In fact, I absolutely loved the feeling of sitting around a table in a basement with friends, playing D&D. It felt authentic in every way and, more than once, I felt myself wanting to lean onto the table for a closer look at the characters, or just to relax a bit while waiting for my turn. Demeo, like a normal board game, is best played when seated for several reasons, although you can certainly play while standing if you prefer.
Demeo delivers a sense of presence that most multiplayer games simply don't achieve. You actually feel like you're in the room with your friends.
I spent the entirety of the hour-long hands-on sitting in my office chair, as I had previously stood through the tutorial and first playthrough. Between the two sessions, I found sitting was more the comfortable way to play. There's nothing wrong with standing the entire time — people do this when they play pool or other games like that — but a game that's strategic and turn-based like Demeo just feels like it makes more sense from the comfort of a chair.
If you're worried about how uncomfortable it would be to lean over a giant virtual table just to reach for your piece, don't be. Demeo's controls allow players to rotate the table, pull themselves through the world, and even grow or shrink themselves to the size that's most comfortable. This is all done in a natural way that makes sense in a world of pinching-and-zooming.
You'll see players huddled around the table — represented by a mask and a pair of hands — at the exact size they've made themselves. Whether it's looking down at a tiny 2ft x 2ft board or shrinking yourself down, so your hero piece is as large as your face, being able to get in and get the best point of view is incredibly helpful when playing with others. The best part is, because of the way Resolution Games has designed the masks, other players' hands and faces won't get in the way.
Demeo Can't wait to delve in
After just an hour, I was totally hooked. I thought about Demeo for the rest of the day and couldn't wait to get as many of my friends in this game as possible. As an adult that has a family, a busy schedule, and finds it impossible to schedule even an hour to play games with friends some weeks, a game like Demeo feels like the perfect mix of accessibility and depth.
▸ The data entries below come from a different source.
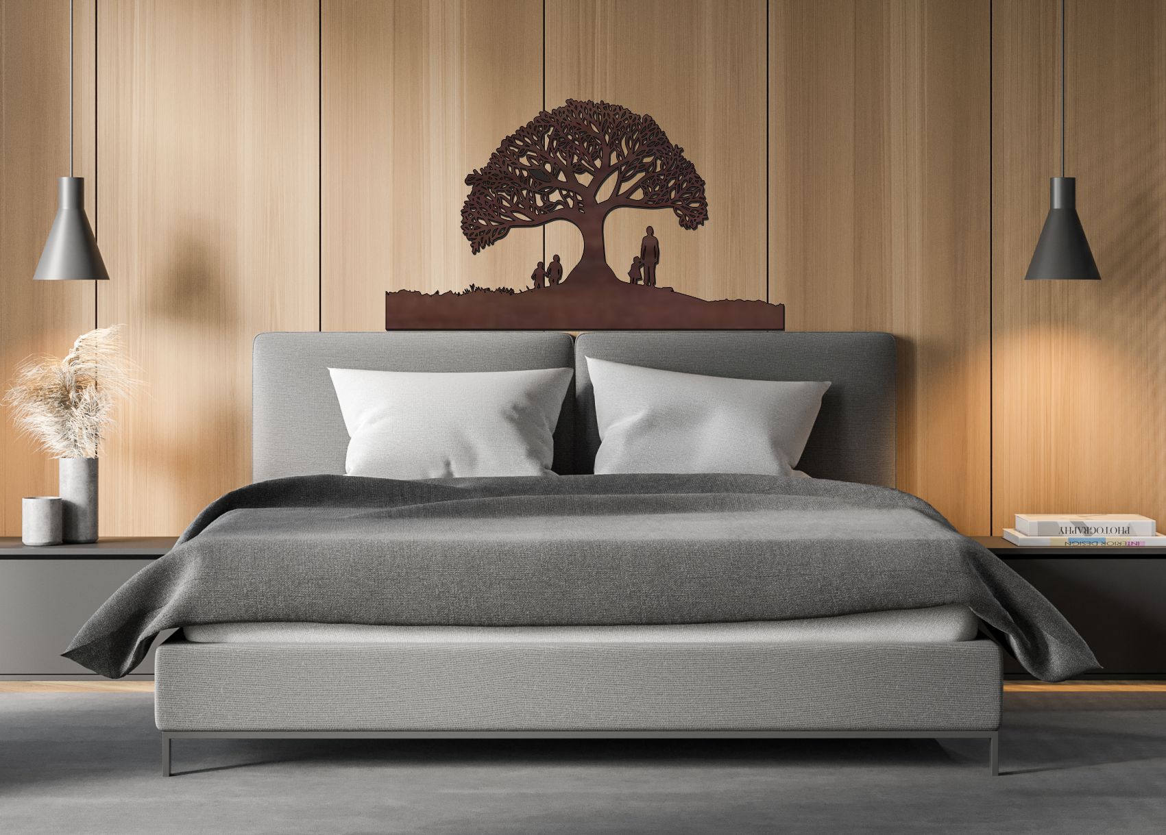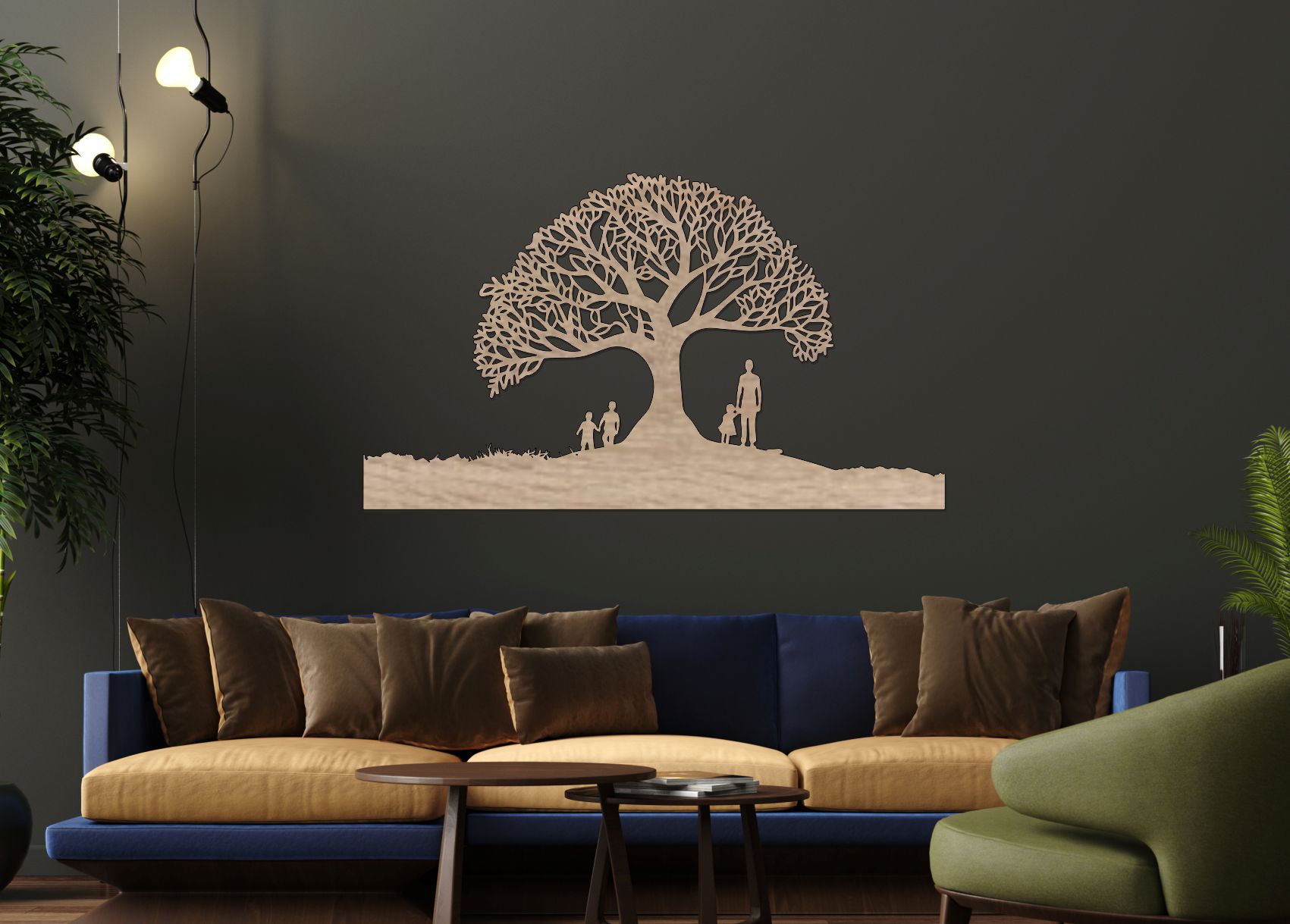 Strom života – Rodinné korene je moderný drevený strom života na stenu, ktorý symbolizuje silu rodiny, stabilitu a generačné prepojenie. Detailne vyrezávaná koruna predstavuje rast a budúcnosť, zatiaľ čo postavy pod stromom zdôrazňujú hodnotu domova a blízkosti.
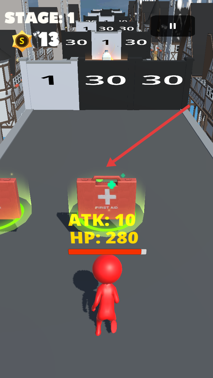 2、在跑道收集急救箱等道具提升HP,攻擊帶數(shù)字障礙物,數(shù)字對(duì)應(yīng)攻擊次數(shù),持續(xù)推進(jìn)關(guān)卡。
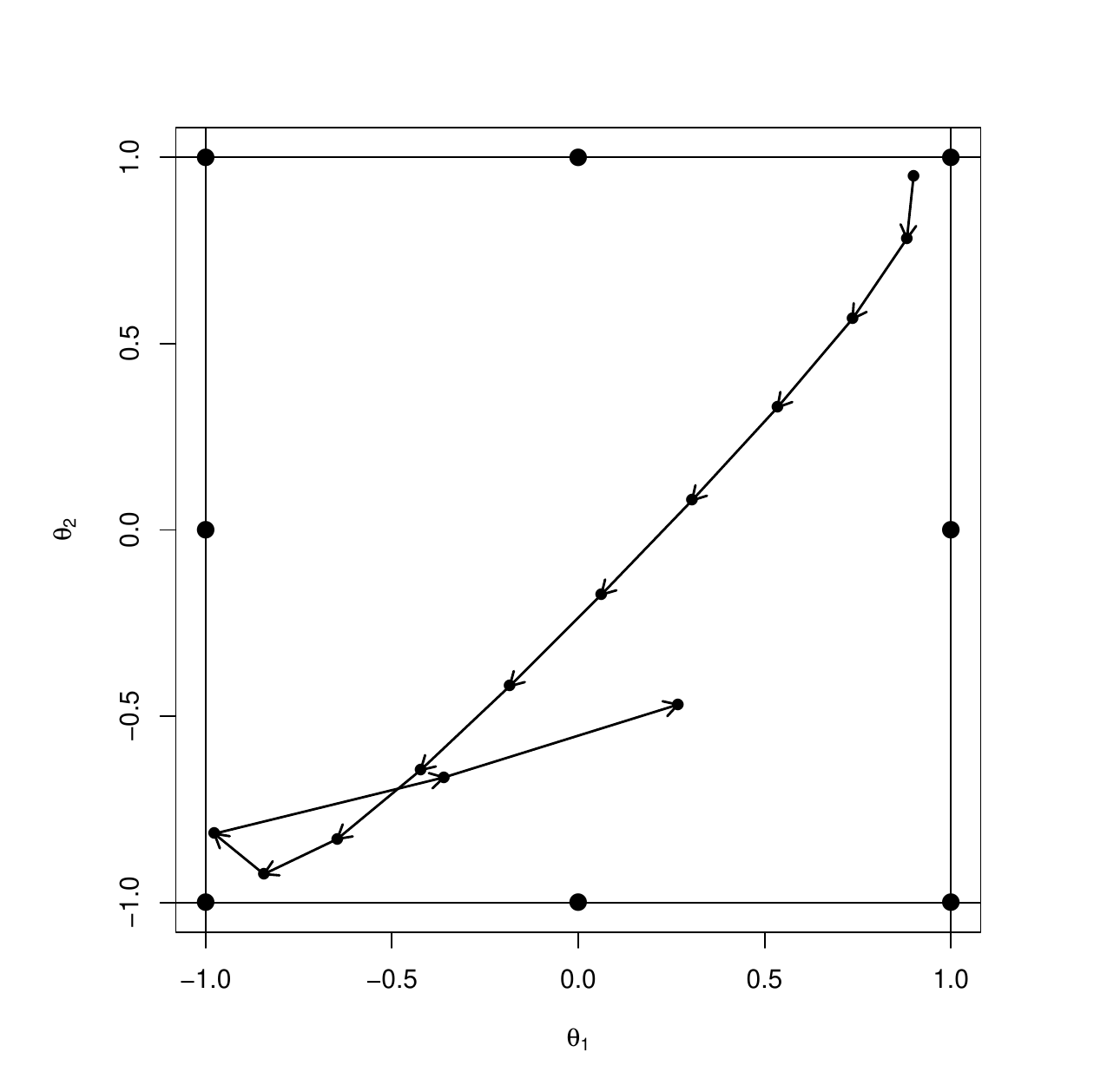 R> plot(q, xlab = expression(theta[1]), ylab = expression(theta[2]),

I don't know about you, but most of my friends now live in several places throughout the country and the world, and it's simply not possible to regularly get together and play something like Demeo in real life.
The real crux of the experience, for me, was the sense of presence that Demeo delivers. I felt like I was actually in the room with these folks, strategizing and socializing in a way that previously only felt possible when meeting in real life. The regular keyboard and mouse PC version, when it launches, will certainly be missing that component because you lose a degree of sensory experience outside of VR but, I imagine, it will still be a great way to gather with friends outside of the confines of an actual basement hangout.
Demeo will be updated regularly with new, free content such as environments, enemies, cards, and much more, starting with Realm of the Rat King, coming summer 2021.
Resolution Games says it plans to keep Demeo regularly updated with new content, delivered in "book" format. The first content expansion, Realm of the Rat King, was teased on Twitter before the game's launch, showing that Resolution is committed to bringing plenty of upcoming free content. I've also seen users request features like the ability to be the dungeon master in a game, which would open up a whole new can of worms for multiplayer. Either way Resolution rolls it, the future looks bright for this dungeon crawler.